The Alkali Acts of 1863 and 1874 were, by contrast, narrow, scrappy and mouselike in their modesty. They were specific only over one kind of nuisance: the escape of hydrochloric acid gas from alkali works. Over other noxious vapours (and there were several of them) there was no control except that the ‘best practicable means’ was to be used for abating them. ‘Best practicable means’ sounds a vague and insipid phrase, inviting compromise and complacency. In fact it has turned out to be, as one of the alkali inspectors put it, ‘an elastic band ever tightening as chemical science advanced’. Its importance is that it is pragmatic and flexible. The law promises nothing it cannot perform; it does not go beyond the capacity of contemporary technology but there is a perpetual obligation to widen the application of the law as new techniques develop. Like a living organism, the law on noxious vapours has adapted itself over 112 years to new circumstances. It now controls over 3000 processes, from cement to uranium.

The history of the alkali inspectorate illustrates, too, the importance of the other two components in the politics of the environment: disinterested assessment and administrative control. Until recently it was assumed that anyone had a right to discharge wastes into air and water, free of charge. The only way to restrain them to persuade a court of law that the discharge constituted a nuisance. This was very difficult to do, for any legal decision to protect the environment is bound to clash with someone’s private interests. Prejudices are magnified into passions. The polluter may protest that his wastes are harmless; the plaintiff may exaggerate the damage he claims is being done.

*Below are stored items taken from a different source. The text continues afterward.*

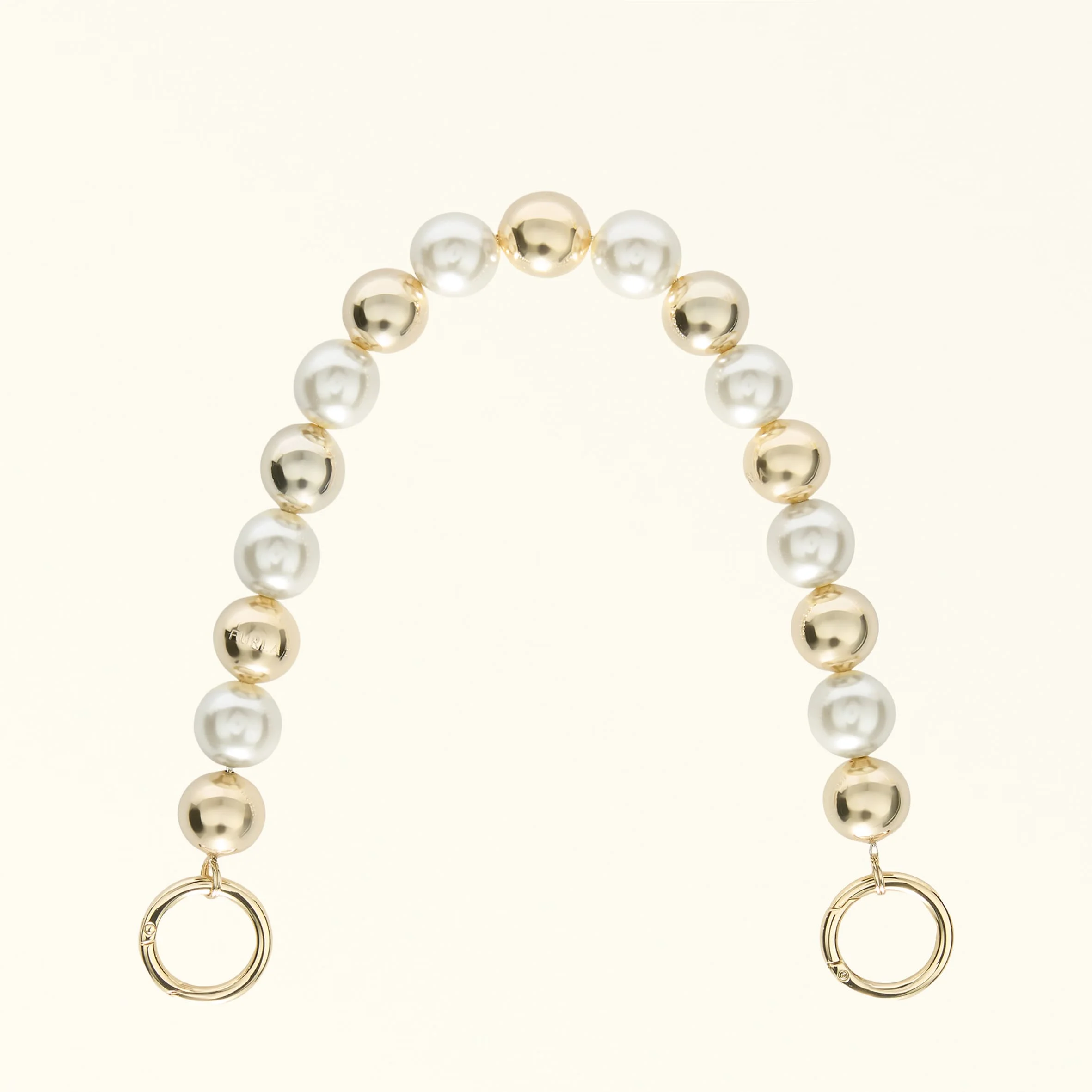 The Furla MyFurla handle is made up of Sfera elements in metal and pearlescent resin. Designed to hook onto your bags, the accessory also features small rings for adding extra charms and unique details. - Snap hook on the ends - Engraved Furla logo Details Exterior Details: Furla Logo Material: Metal + Pearl Effect Resin Strap Length Max: 16.34 in Strap Length Min: 16.34 in Product Code: WK00277BX438090194343S Plating: Light Gold+Pearl
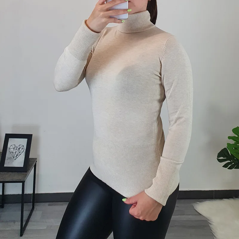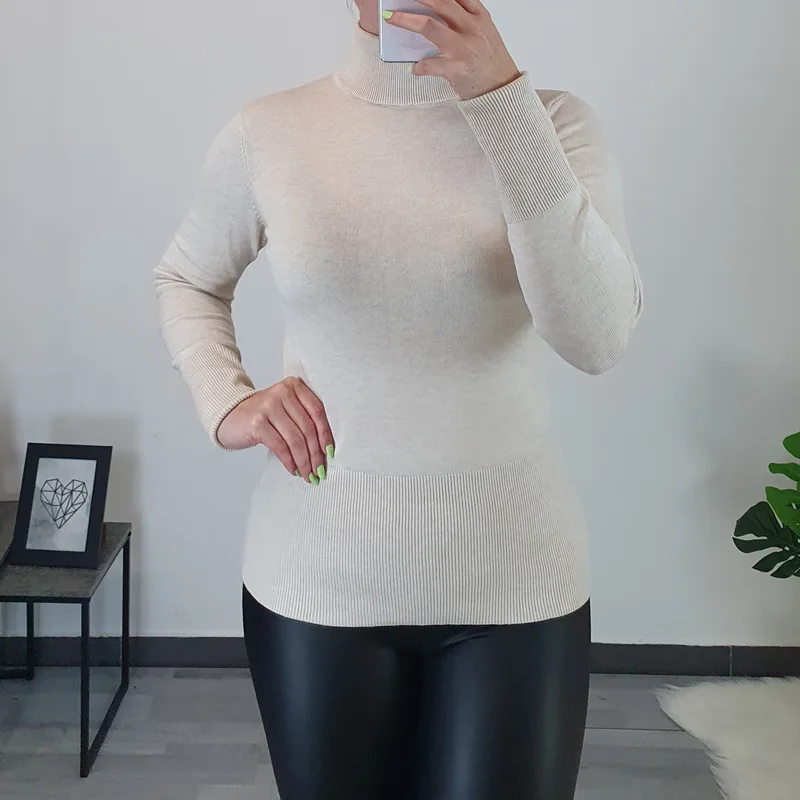 Ženski pleten puli v bež barvi. Izdelan je iz mešanice viskoze in najlona, je mehak na otip in je udoben za nošenje. Majica ima dolga rokava. Na voljo je od številke S do XXL.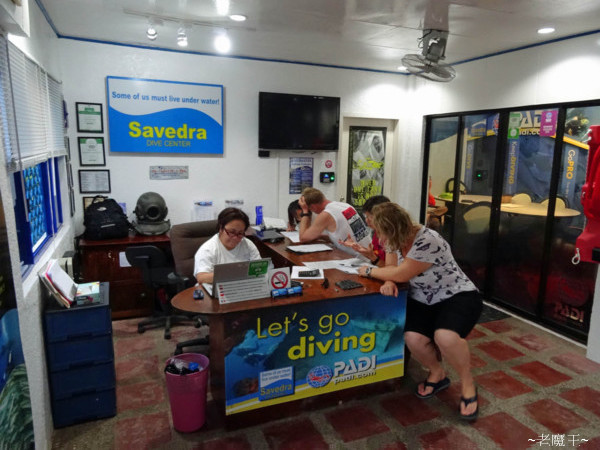 而渡假村和潛水店竟然是分開的營業單位, 則是我第一次遇到. 所以我們先到渡假村分好房間並放下行李後, 才去潛水店填寫表格和租借裝備.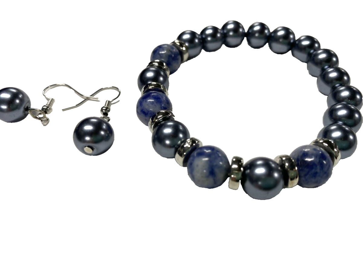 - Genuine Sodalite Stretch Bracelet and Earrings Set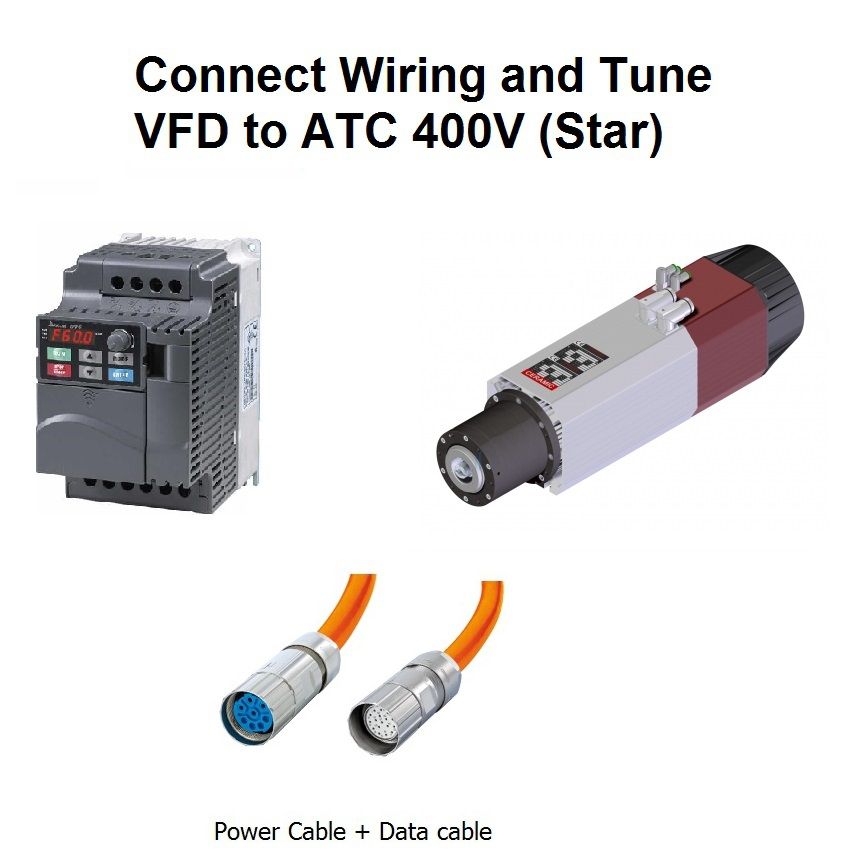 Connecting a TeknoMotor ATC71 to a VFD and setting the parameters is not an easy task even if you know what you are doing. The problem is, if you make a mistake setting the V/F curve within a few minutes you can damage the ATC TeknoMotor. The ATC is much more complex than a normal motor, it cannot be tested without pressurized air. For this reason we prefer to connect and tune the drive for the client, to prevent any problems. This product can only be sold along with TeknoMotor ATC + VFD + Cable Set + Pneumatic package

Before political action can be taken, someone has to strip off exaggeration and prejudice and give to the government an objective, rational assessment of the matter. This is the function of the government- appointed commission or committee of enquiry. For noxious vapours this was done 99 years ago. In 1876 Queen Victoria, whose own estate at Osborne was plagued by ammonia from a local factory, set up a Royal Commission under Lord Aberdare which included two Fellows of the Royal Society, to inquire into all noxious vapours. A study of their hearing brings to life the politics of environment at that time. The Archbishop of Canterbury bitterly complained about the deterioration of stonework at Lambeth Palace (most of the statues had lost their noses) and the discolouration of his knives and forks. The suspected culprit was Doulton’s potteries. Henry Doulton appeared personally before the Commission. ‘Our operations are quite innocuous’, he said. ‘It would be a serious matter to interfere with a trade which gives employment to a thousand families, and which has existed for centuries.’ And he hinted that if there was interference he might decide to close down his London works.

This is typical of the conflicts of interests which government committees have to try to resolve. Without a cool appraisal from such committees, sound political decisions cannot be taken. Let me digress for a few minutes to illustrate this, by describing two recent political decisions about the protection of the environment, not against noxious vapours but against detergents. In one, the ‘cooling phase’ was present. In the other it was absent.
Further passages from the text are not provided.